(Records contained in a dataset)

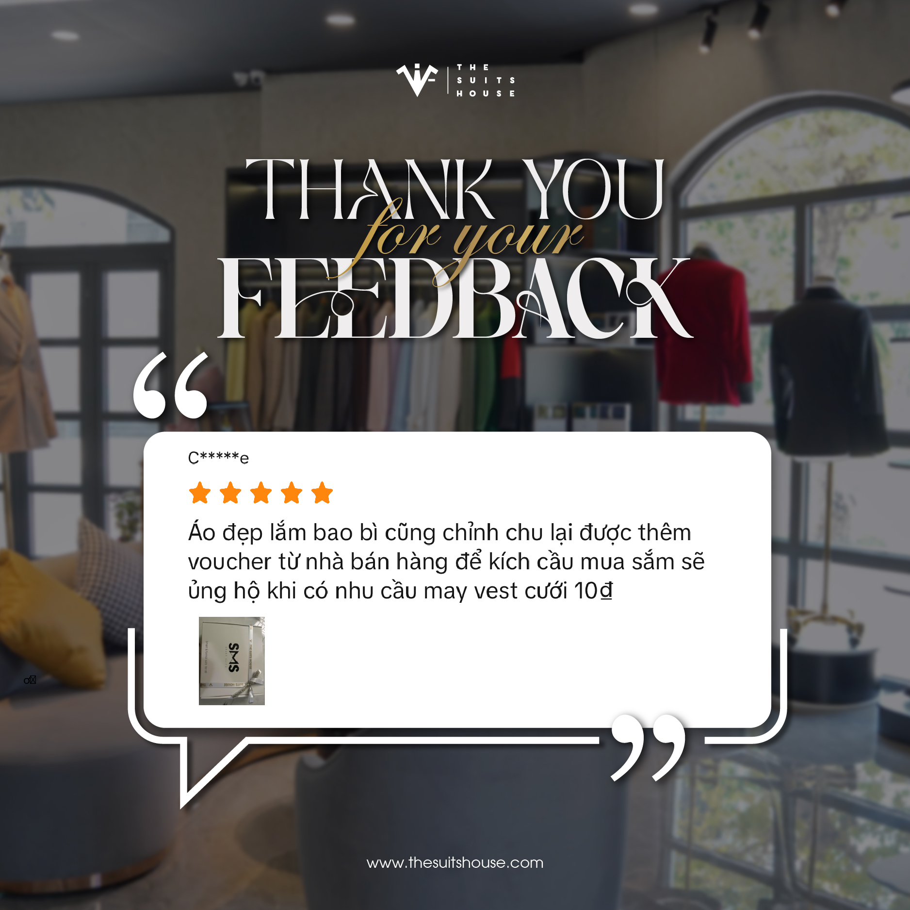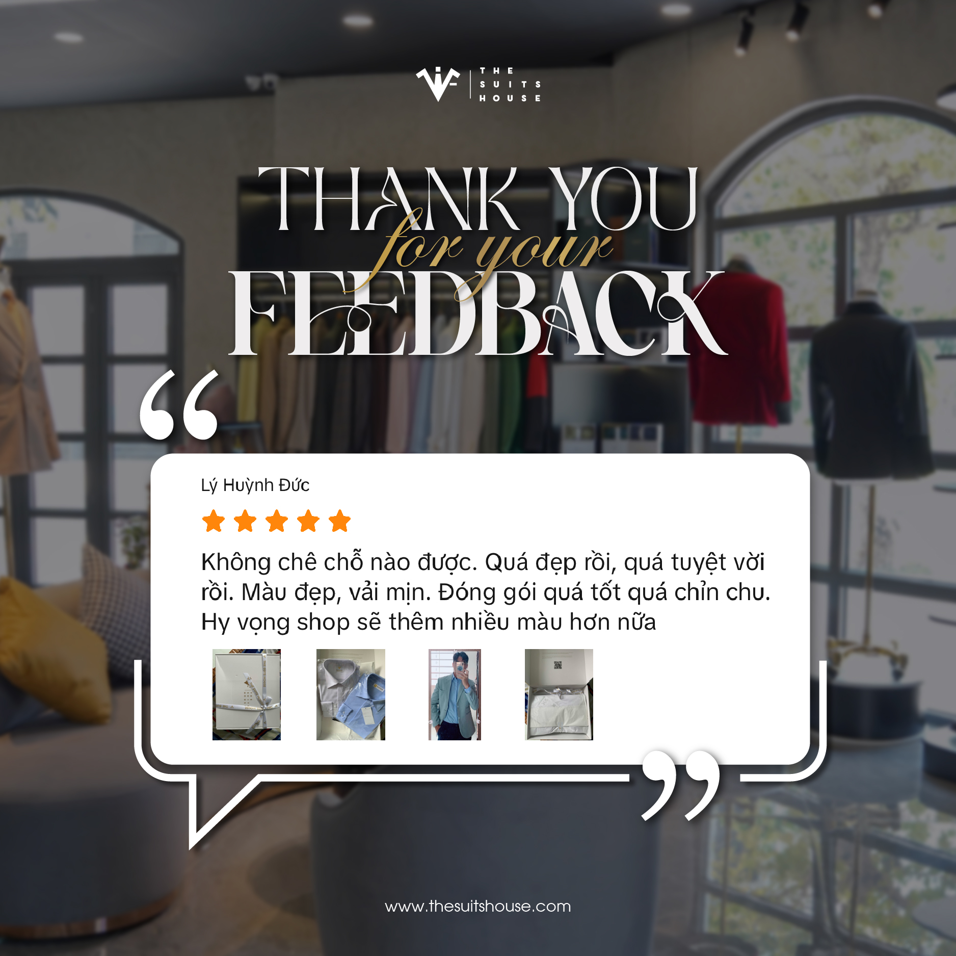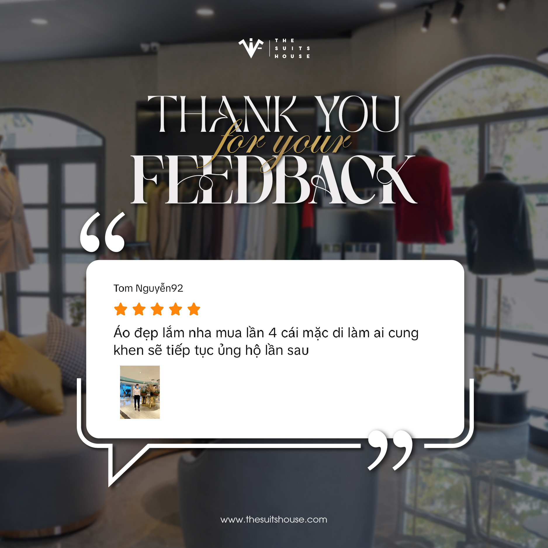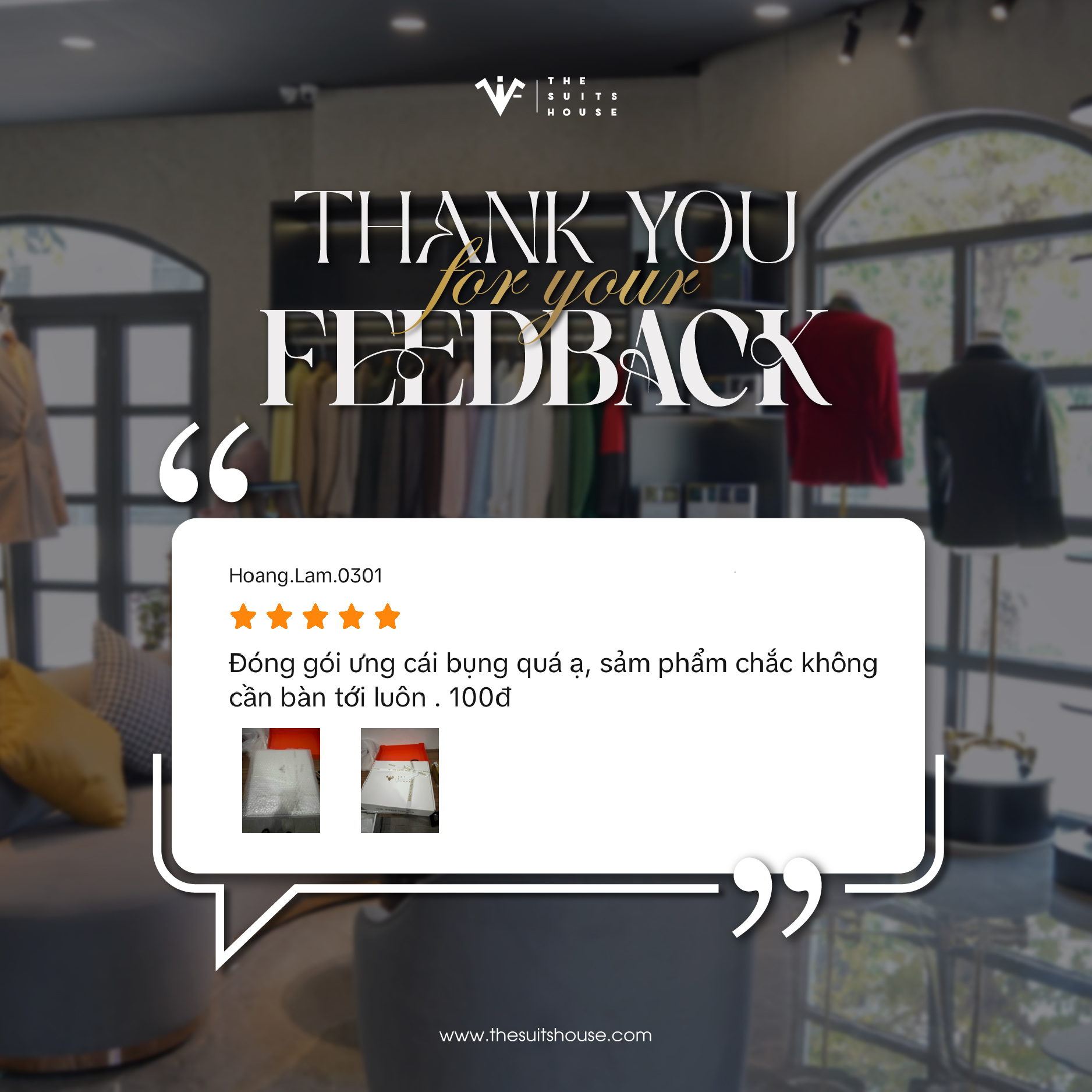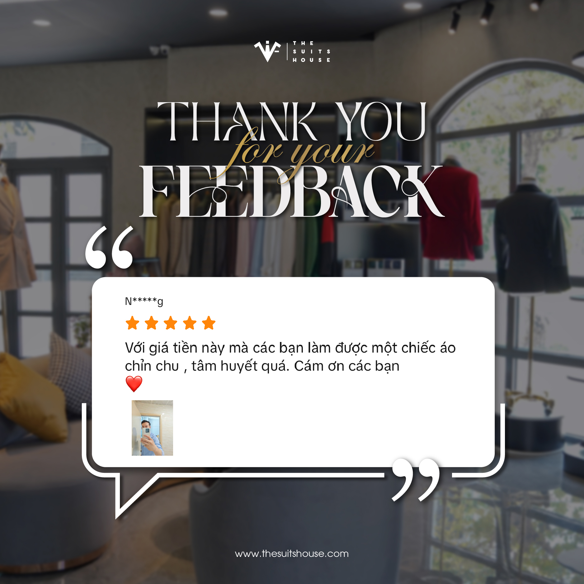Mỗi lời khen ngợi là nguồn động lực lớn lao để The Suits House không ngừng hoàn thiện. Sự tin tưởng của bạn là tài sản quý giá nhất mà chúng tôi có được. Cảm ơn bạn đã đồng hành cùng chúng tôi trên hành trình chinh phục phong cách thời trang đẳng cấp.
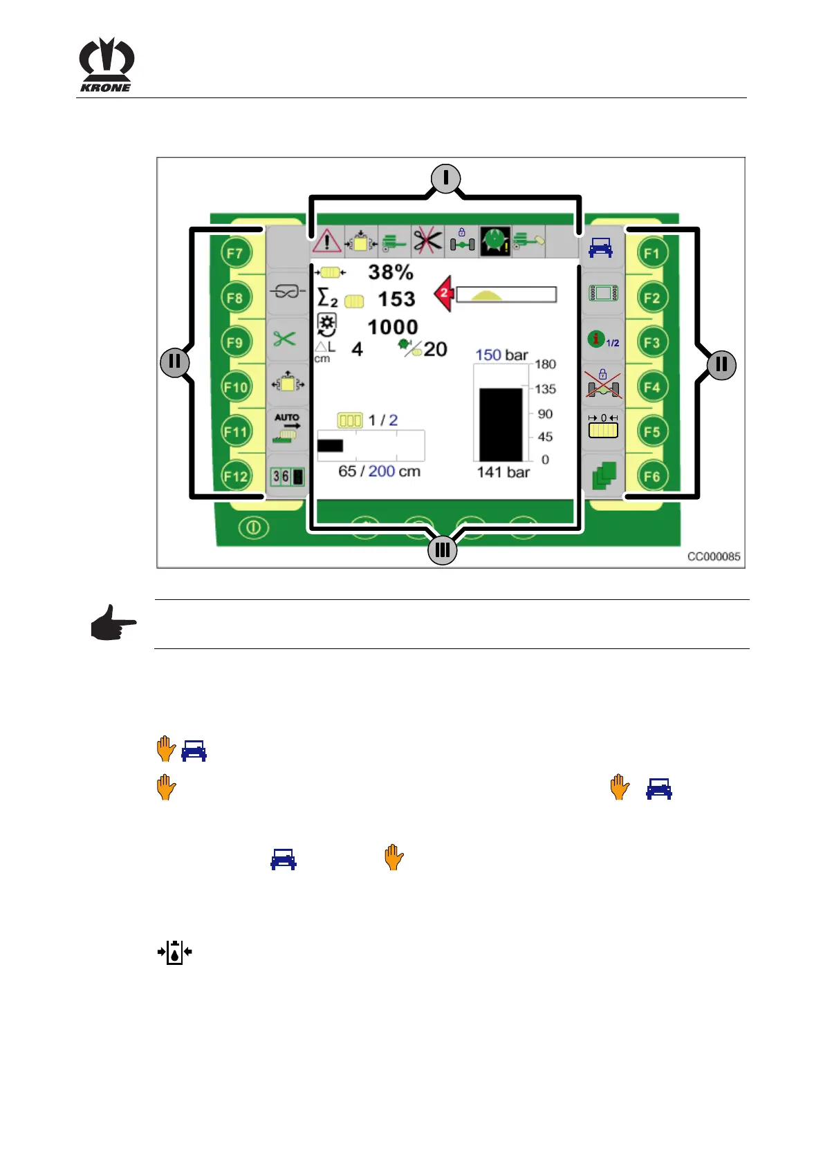 Pos: 24.34 /BA/Inf o-Center/CC-ISOBUS- Terminal/CCI-Bi G Pack/Grundbild Automati kbetrieb/Beschr eibung der Grafiken (II ) Automatikbetrieb @ 43\mod_ 1275297957031_78.doc @ 390499
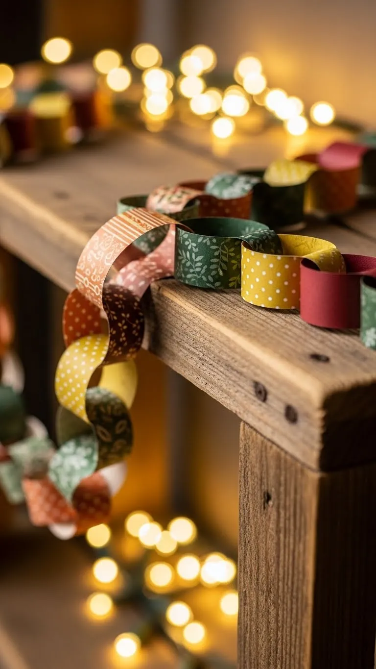 Paper chains add a simple homemade feel. Cut strips from old magazines or craft paper. Loop and glue them to form a chain. Drape the chain on mantels or tree branches. This costs almost nothing and adds color. Use muted tones for a soft, old-style look. A DIY idea is mixing patterned and solid strips. This helps the chain look more detailed. These chains bring a sweet, handmade touch to your space.
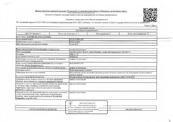 Название: 1/5 доля в праве общей долевой собственности на земельный участок общей площадью 1000 кв. м, кадастровый номер: 29:23:010401:859, категория земель - земли населенных пунктов, вид разрешенного использования - малоэтажная жилая застройка, адрес: Архангельская обл., г. Коряжма, ул. Благовещенская, участок 33 1 Штука (шт) Канал: Госземля Архангельская область Область: обл Архангельская Архангельская обл. Район: г. Коряжма Населенный пункт: ул. Благовещенская, участок 33 Локация: Смотреть на карте ВРИ: Жилая застройка Кадастровый номер: 29:23:010401:859 Кадастровая стоимость: - Вид сделки: Продажа Площадь: 1000 м² Начальная цена: 48535.00 руб. Дата завершения: 18.12.2025 Подробнее: ГИС ТОРГИ #госземля #земляотгосударства #земля #земельныйучасток #земельныеторги #торги #аукцион #продажаземли #продажа #архангельскаяобласть
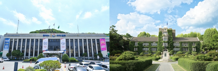 ▲ 김포시 전경과 연세대 언더우드관 전경 |
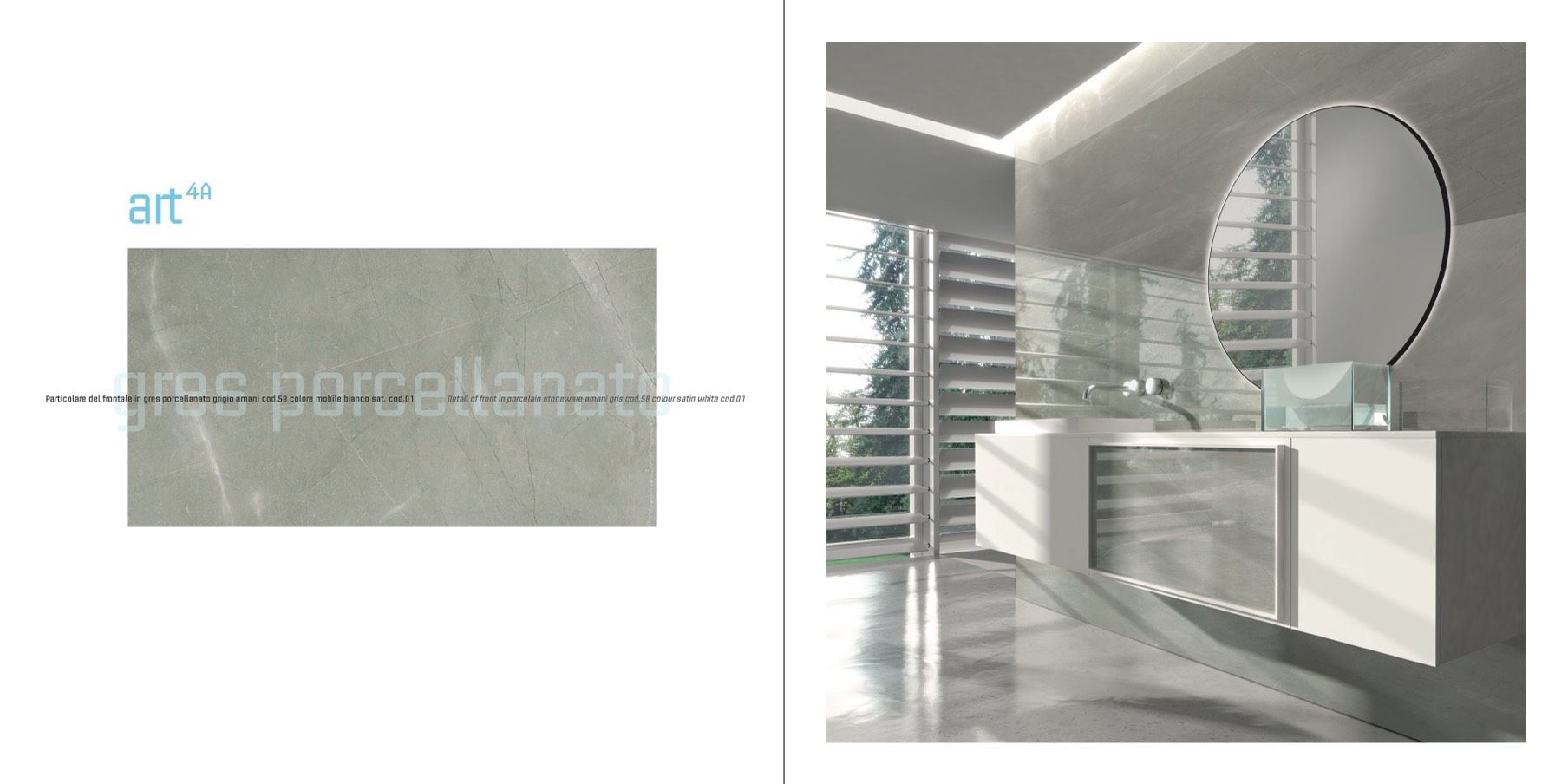 Particolare del frontale in gres porcellanato grigio amani cod.58 colore mobile bianco sat. cod.01
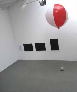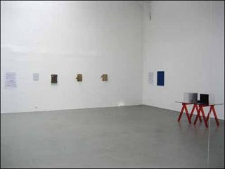 Au mur, trois grands formats noirs et un autre bleu Klein captent immédiatement le regard tandis que le staccato d’une installation de Krebber, Projection (2006) — un appareil passant en boucle les diapositives de ses œuvres — bat la mesure.
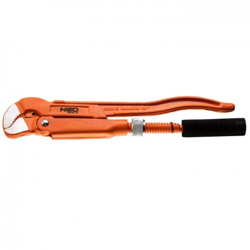 Cheie pentru tevi S realizata in conformitate cu norma DIN 5234. Falcile forjate din otel de inalta calitate crom-vanadiu, slefuite si lustruite. Acoperite cu maner anti-alunecare, se potriveste confortabil in mana si faciliteaza o prindere puternica. Calitatea uneltei este certificata de TÜV si garantia de 25 de ani a producatorului. Marca NEO indeplineste asteptarile profesionistilor. Lungime 535 mm. Greutate 2.4 Kg
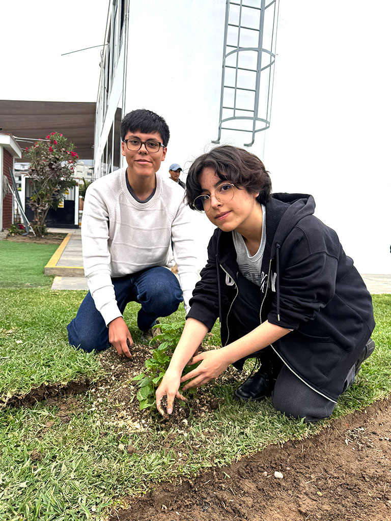 Au cours de la première semaine du mois de novembre, le Collège franco-péruvien de Lima a mené une campagne de végétalisation interne. Coïncidant avec le séjour à Lima de Maya Berríos et José Belón, nos élèves du secondaire qui étaient venus passer leurs examens respectifs ont eu l’occasion de participer à cette activité avec la classe qui les a accueillis.
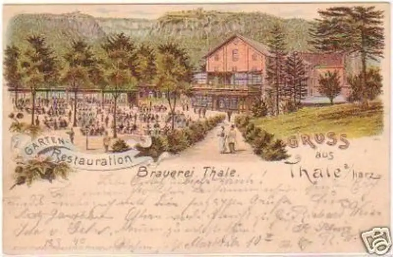schöne farbige Lithographie, Garten Restauration Brauerei Thale, gelaufen mit Bahnpoststempel, gute Erhaltung siehe Bild,
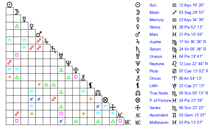 | Neptune | 12 Leo 22 | 27 Pisces 59 | 11 Leo 7 |
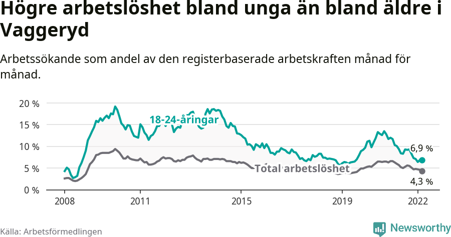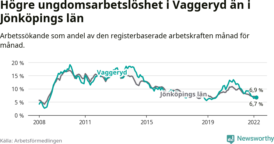 Medan Vaggeryd har lägre total arbetslöshet än Jönköpings län, ligger ungdomsarbetslösheten 0,2 procentenheter högre i Vaggeryd.
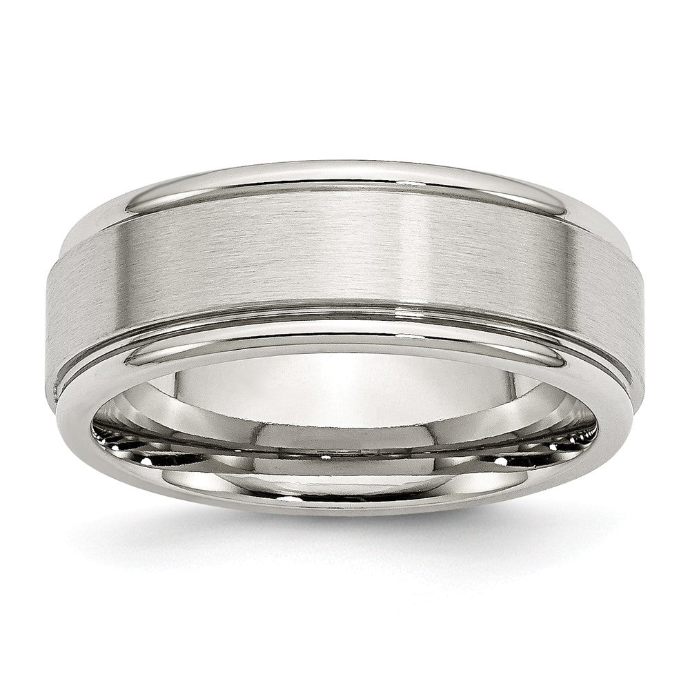 Stainless Steel Ridged Edge 8mm Brushed and Polished Band Elegance meets precision in this Stainless Steel Ridged Edge 8mm Brushed and Polished Band, designed to symbolize your enduring commitment in...
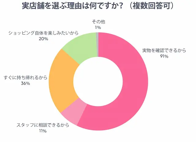 「実店舗が多い」「どちらも同じくらい」と回答した計75%に対して、実店舗を選ぶ理由についてもアンケート調査を実施した結果、「実物を確認できるから」(91%)が圧倒的多数を占めました。次いで「すぐに持ち帰れる」(36%)、「ショッピングを楽しみたい」(20%)と続き、“買うまでのプロセスを体験として楽しむ”人が多いことが分かりました。
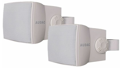 Weißer IP 55 Lautsprecher der mit 100V Technik oder 8 Ohm 30 Watt funktioniert.
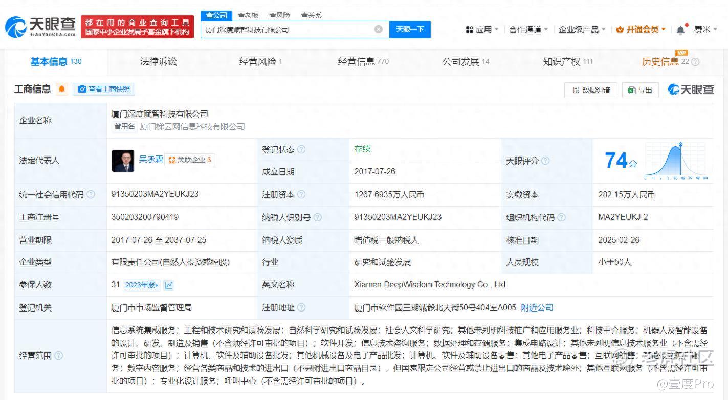 该公司成立于2017年7月,法定代表人为吴承霖,经营范围含信息系统集成服务、工程和技术研究和试验发展、自然科学研究和试验发展、社会人文科学研究、科技中介服务、软件开发等,现由吴承霖、厦门玄荐咨询管理合伙企业(有限合伙)、厦门梅花盛世股权投资合伙企业(有限合伙)等及上述新增股东共同持股。公开资料显示,该公司提供全自动AI中台,致力于让每个客户具有开箱即用的AI能力。

(Exercise):
Extract exactly the lines from the one containing "Weißer IP 55" through the last line of the records above, both included, and leave out the pictures.

(Response to the exercise):
 Weißer IP 55 Lautsprecher der mit 100V Technik oder 8 Ohm 30 Watt funktioniert.
 该公司成立于2017年7月,法定代表人为吴承霖,经营范围含信息系统集成服务、工程和技术研究和试验发展、自然科学研究和试验发展、社会人文科学研究、科技中介服务、软件开发等,现由吴承霖、厦门玄荐咨询管理合伙企业(有限合伙)、厦门梅花盛世股权投资合伙企业(有限合伙)等及上述新增股东共同持股。公开资料显示,该公司提供全自动AI中台,致力于让每个客户具有开箱即用的AI能力。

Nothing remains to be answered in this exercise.